Segment Start: Extracted records
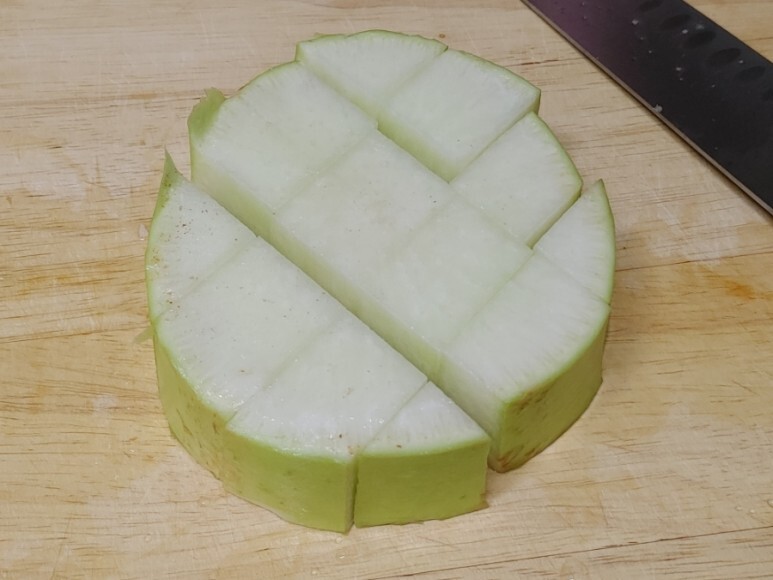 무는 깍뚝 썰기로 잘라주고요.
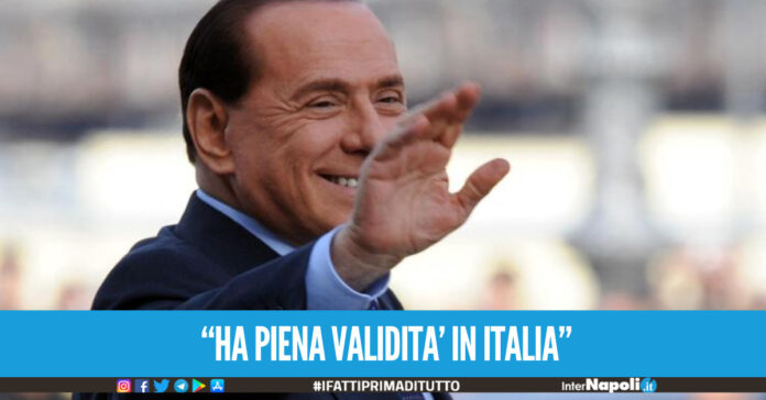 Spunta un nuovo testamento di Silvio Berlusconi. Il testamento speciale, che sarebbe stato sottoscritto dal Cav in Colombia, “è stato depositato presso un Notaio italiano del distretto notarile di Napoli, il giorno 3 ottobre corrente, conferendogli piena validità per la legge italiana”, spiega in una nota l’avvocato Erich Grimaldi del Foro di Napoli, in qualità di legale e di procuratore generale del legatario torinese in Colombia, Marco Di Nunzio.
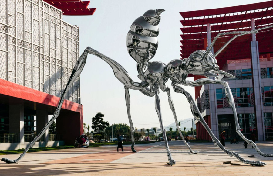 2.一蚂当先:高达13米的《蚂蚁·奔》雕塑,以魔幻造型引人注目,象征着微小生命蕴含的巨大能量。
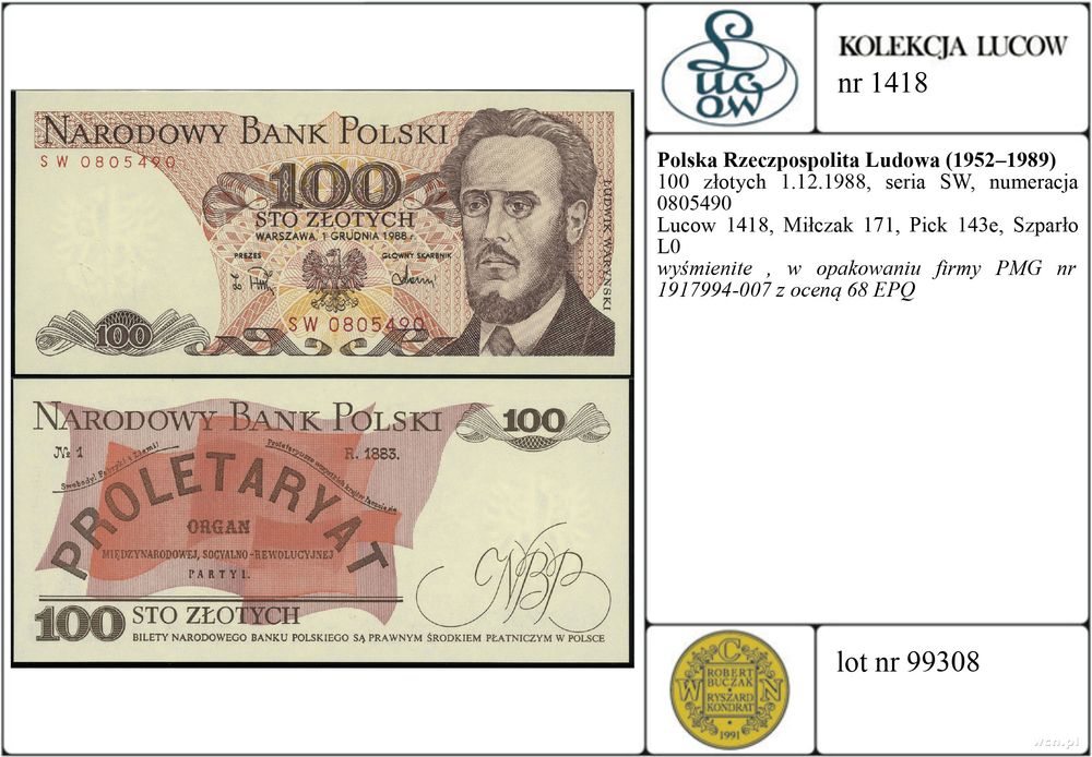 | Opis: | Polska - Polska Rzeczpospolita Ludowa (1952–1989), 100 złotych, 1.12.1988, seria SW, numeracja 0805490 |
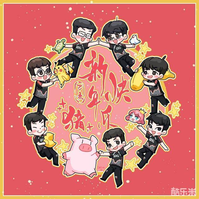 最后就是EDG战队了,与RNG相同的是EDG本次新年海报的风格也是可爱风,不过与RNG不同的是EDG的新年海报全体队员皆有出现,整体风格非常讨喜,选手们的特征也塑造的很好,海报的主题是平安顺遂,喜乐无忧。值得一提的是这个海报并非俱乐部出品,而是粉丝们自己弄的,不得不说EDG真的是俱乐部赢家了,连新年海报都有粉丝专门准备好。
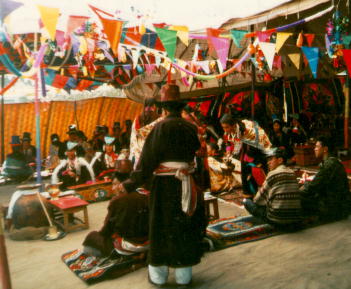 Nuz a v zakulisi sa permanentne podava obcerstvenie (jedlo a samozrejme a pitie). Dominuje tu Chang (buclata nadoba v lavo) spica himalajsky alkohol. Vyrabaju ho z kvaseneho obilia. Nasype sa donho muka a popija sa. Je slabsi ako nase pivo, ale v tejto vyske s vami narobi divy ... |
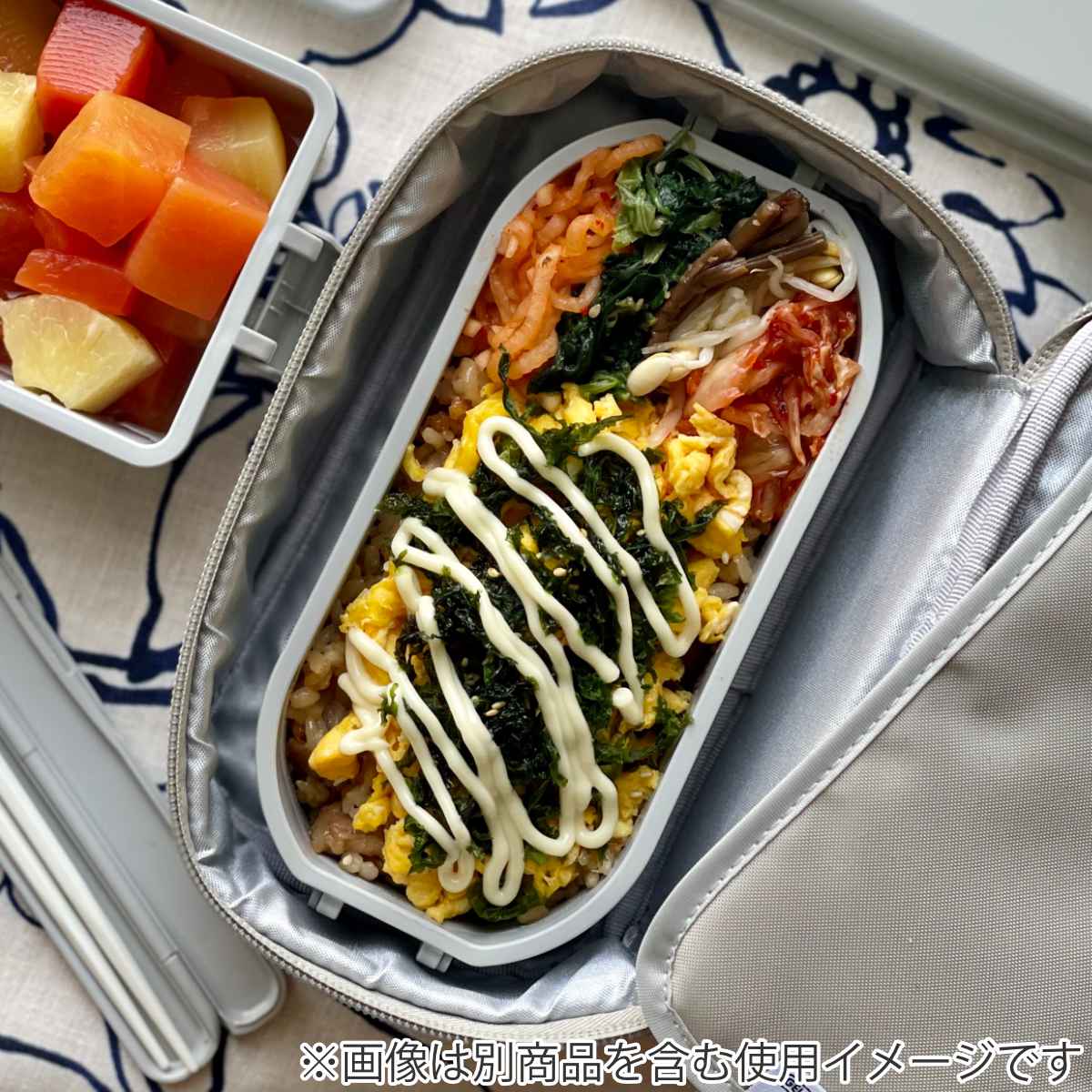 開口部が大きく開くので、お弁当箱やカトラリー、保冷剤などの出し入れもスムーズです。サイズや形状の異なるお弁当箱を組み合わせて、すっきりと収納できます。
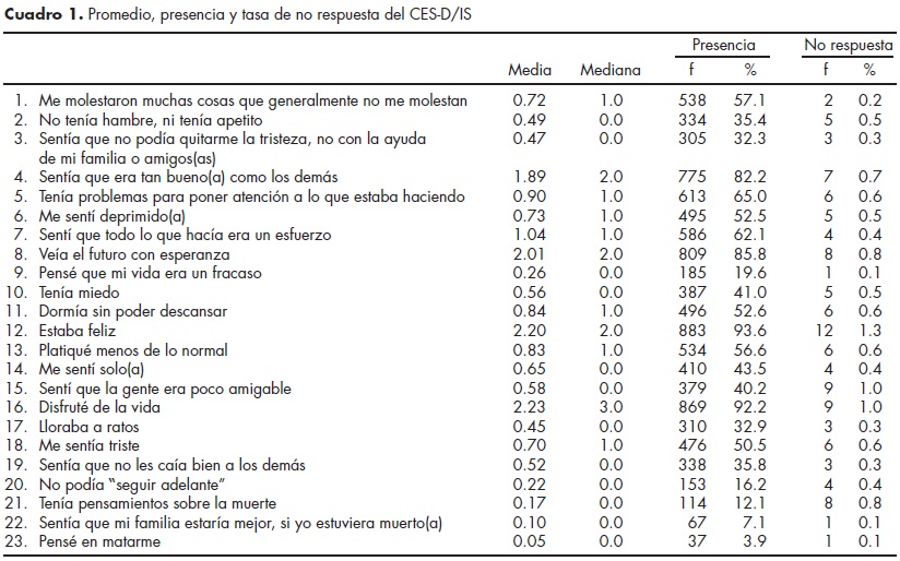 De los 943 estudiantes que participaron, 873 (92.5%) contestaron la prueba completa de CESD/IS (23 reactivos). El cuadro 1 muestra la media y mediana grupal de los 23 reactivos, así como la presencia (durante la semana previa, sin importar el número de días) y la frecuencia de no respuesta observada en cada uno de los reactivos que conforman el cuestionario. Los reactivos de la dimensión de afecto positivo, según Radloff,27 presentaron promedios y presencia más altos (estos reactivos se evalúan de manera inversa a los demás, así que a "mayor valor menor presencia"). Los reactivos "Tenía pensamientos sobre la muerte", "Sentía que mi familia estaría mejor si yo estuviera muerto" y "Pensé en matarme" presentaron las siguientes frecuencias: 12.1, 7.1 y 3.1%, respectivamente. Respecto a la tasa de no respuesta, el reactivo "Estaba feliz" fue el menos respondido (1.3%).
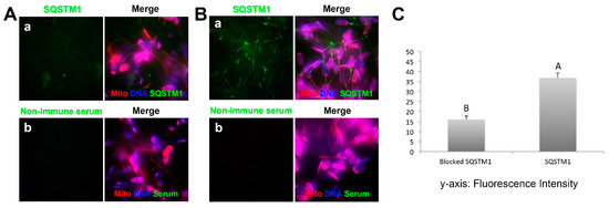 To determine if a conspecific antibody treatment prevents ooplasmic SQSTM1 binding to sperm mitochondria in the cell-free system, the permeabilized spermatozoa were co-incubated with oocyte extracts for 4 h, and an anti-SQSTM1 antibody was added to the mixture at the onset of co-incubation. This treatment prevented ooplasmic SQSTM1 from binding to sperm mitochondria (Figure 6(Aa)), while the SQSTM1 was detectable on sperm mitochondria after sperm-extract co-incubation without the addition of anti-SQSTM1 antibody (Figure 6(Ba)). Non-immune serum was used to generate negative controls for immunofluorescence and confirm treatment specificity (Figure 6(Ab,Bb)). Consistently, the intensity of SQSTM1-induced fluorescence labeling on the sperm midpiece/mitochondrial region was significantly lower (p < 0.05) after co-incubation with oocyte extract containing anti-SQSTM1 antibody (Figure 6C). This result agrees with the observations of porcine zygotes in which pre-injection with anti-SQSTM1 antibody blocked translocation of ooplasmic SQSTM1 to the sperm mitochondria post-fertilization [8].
Segment End: Extracted records
■ **Assignment**
Return the stretch of data that begins with the line showing "numeracja 0805490 |" and goes on through the line showing "最后就是EDG战队了,与RN", exactly, with pictures removed.

■ **Solution to the exercise**
 | Opis: | Polska - Polska Rzeczpospolita Ludowa (1952–1989), 100 złotych, 1.12.1988, seria SW, numeracja 0805490 |
 最后就是EDG战队了,与RNG相同的是EDG本次新年海报的风格也是可爱风,不过与RNG不同的是EDG的新年海报全体队员皆有出现,整体风格非常讨喜,选手们的特征也塑造的很好,海报的主题是平安顺遂,喜乐无忧。值得一提的是这个海报并非俱乐部出品,而是粉丝们自己弄的,不得不说EDG真的是俱乐部赢家了,连新年海报都有粉丝专门准备好。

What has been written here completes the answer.